L'opposition conservatrice menée par Tony Abbott a remporté de manière décisive les élections qui se déroulaient samedi, en Australie.

M. Abbott, qui dirige le Parti libéral australien, succédera donc au travailliste Kevin Rudd à la tête du pays.

Tony Abbott a donc réussi à amener le Parti libéral au pouvoir trois ans après en être devenu chef. Il avait d'ailleurs perdu de justesse lors des élections de juin 2010, forçant la formation d'un gouvernement minoritaire.

Réputé pour son franc-parler, le nouveau premier ministre avait accédé à la tête de son parti au grand étonnement de la classe médiatique. Les travaillistes (gauche) le considéraient « inéligible ».

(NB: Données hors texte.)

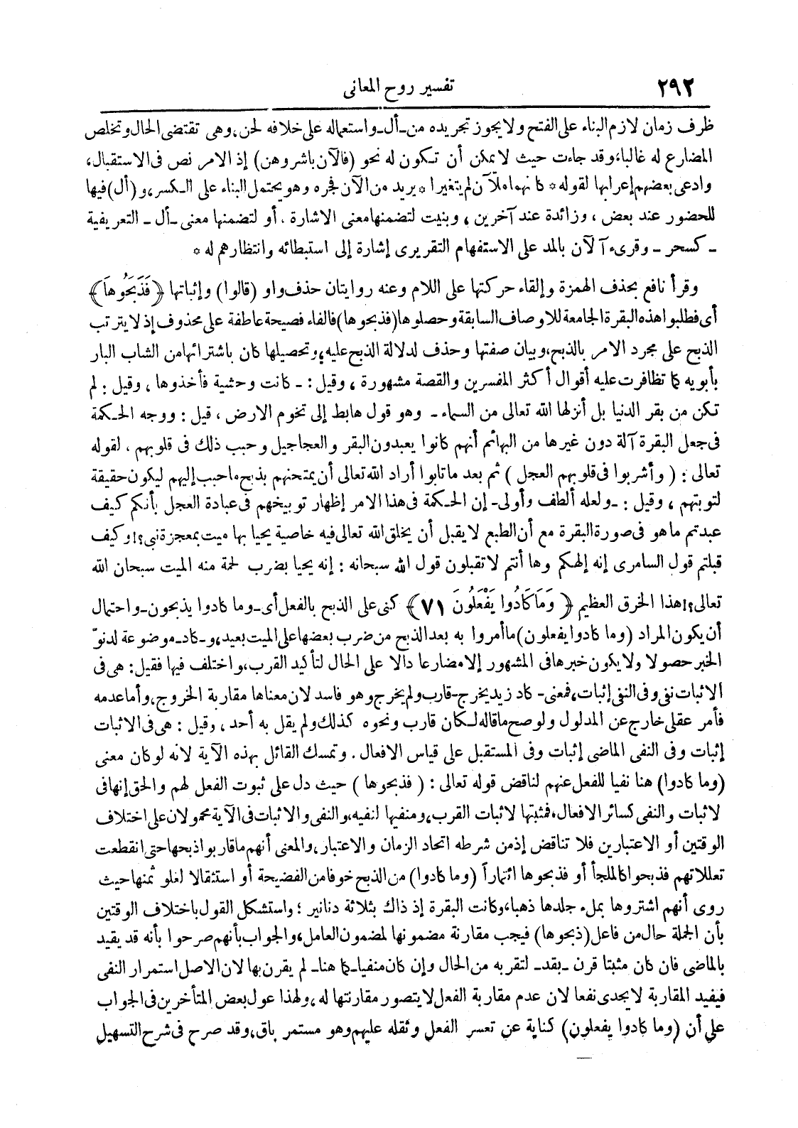 وقرأ نافع بحذف الهمزة وإلقاء حركتها على اللام وعنه روايتان حذف واو قالوا وإثباتها فذبحوها أي فطلبوا هذه البقرة الجامعة للأوصاف السابقة وحصلوها فذبحوها فالفاء فصيحة عاطفة على محذوف إذ لا يترتب الذبح على مجرد الأمر بالذبح وبيان صفتها وحذف لدلالة الذبح عليه وتحصيلها كان بإشترائها من الشاب البار بأبويه كما تظافرت عليه أقوال أكثر المفسرين والقصة مشهورة وقيل : كانت وحشية فأخذوها وقيل : لم تكن من بقر الدنيا بل أنزلها الله تعالى من السماء وهو قول هابط إلى تخوم الأرض قيل : ووجه الحكمة في جعل البقرة آلة دون غيرها من البهائم أنهم كانوا يعبدون البقر والعجاجيل وحبب ذلك في قلوبهم لقوله تعالى : وأشربوا في قلوبهم العجل ثم بعد ما تابوا أراد الله تعالى أن يمتحنهم بذبح ما حبب إليهم ليكون حقيقة لتوبتهم وقيل : لعله ألطف وأولىإن الحكمة في هذا الأمر إظهار توبيخهم في عبادة العجل بأنكم كيف عبدتم ما هو في صورة البقرة مع أن الطبع لا يقبل أن يخلق الله تعالى فيه خاصية يحيا بها ميت بمعجزة نبي ! وكيف قبلتم قول السامري إنه إلهكم وها أنتم لاتقبلون قول الله سبحانه : إنه يحيا بضرب لحمة منه الميت سبحان الله تعالى ! هذا الخرق العظيم وما كادوا يفعلون 17 كنى على الذبح بالفعل أيوما كادوا يذبحونوإحتمال أن يكون المراد وما كادوا يفعلون ما أمروا به بعد الذبح من ضرب بعضها على الميت بعيد وكاد موضوعة لدنو الخبر حصولا ولا يكون خبرها في المشهور إلا مضارعا دالا على الحال لتأكيد القرب وأختلف فيها فقيل : هي في الإثبات نفي وفي النفي إثبات فمعنىكاد زيد يخرجقارب ولم يخرج وهو فاسد لأن معناها مقاربة الخروج وأما عدمه فأمر عقلي خارج عن المدلول ولو صح ما قاله لكان قارب ونحوه كذلك ولم يقل به أحد وقيل : هي في الإثبات إثبات وفي النفي الماضي إثبات وفي المستقبل على قياس الأفعال وتمسك القائل بهذه الآية لأنه لو كان معنى وما كادوا هنا نفيبا للفعل عنهم لناقض قوله تعالى : فذبحوها حيث دل على ثبوت الفعل لهم والحق إنها في لإثبات والنفي كسائر الأفعال فمثبتها لإثبات القرب ومنفيها لنفيه والنفي والإثبات في الآية محمولان على إختلاف الوقتين أو العتبارين فلا تناقض إذ من شرطه إتحاد الزمان والإعتبار والمعنى أنهم ما قاربوا ذبحها حتى أنقطعت تعللاتهم فذبحوا كالملجأ أو فذبحوها إئتمارا وما كادوا من الذبح خوفا من الفضيحة أو إستثقالا لغلو ثمنها حيث روى أنهم أشتروها بملء جلدها ذهبا وكانت البقرة إذ ذاك بثلاثة دنانير وأستشكل القول بإختلاف الوقتين بأن الجملة حال من فاعل ذبحوها فيجب مقارنة مضمونها لمضمون العامل والجواب بأنهم صرحوا بأنه قد يقيد بالماضي فإن كان مثبتا قرنب قد لتقربه من الحال وإن كان منفيا كما هنالم يقرن بها لأن الأصل إستمرار النفي فيفيد المقاربة لا يجدي نفعا لأن عدم مقاربة الفعل لايتصور مقارنتها له ولهذا عول بعض المتأخرين في الجواب على أن وما كادوا يفعلون كناية عن تعسر الفعل وثقله عليهم وهو مستمر باق وقد صرح في شرح التسهيل

Il est fortement opposé à l'avortement et au mariage entre personnes du même sexe, alors que ce dernier sujet semble être devenu la nouvelle marotte du Parti travailliste après le rejet par la population de sa politique d'imposition des émissions de carbone.

Son programme, qui se veut pro-entreprises, prévoit l'annulation de la taxe carbone imposée aux grands groupes polluants et mise en place sous les travaillistes. Les libéraux promettent également la mise en place d'une politique très restrictive pour les immigrants illégaux qui arrivent en bateau sur les plages australiennes et six mois de congés payés pour les jeunes mères.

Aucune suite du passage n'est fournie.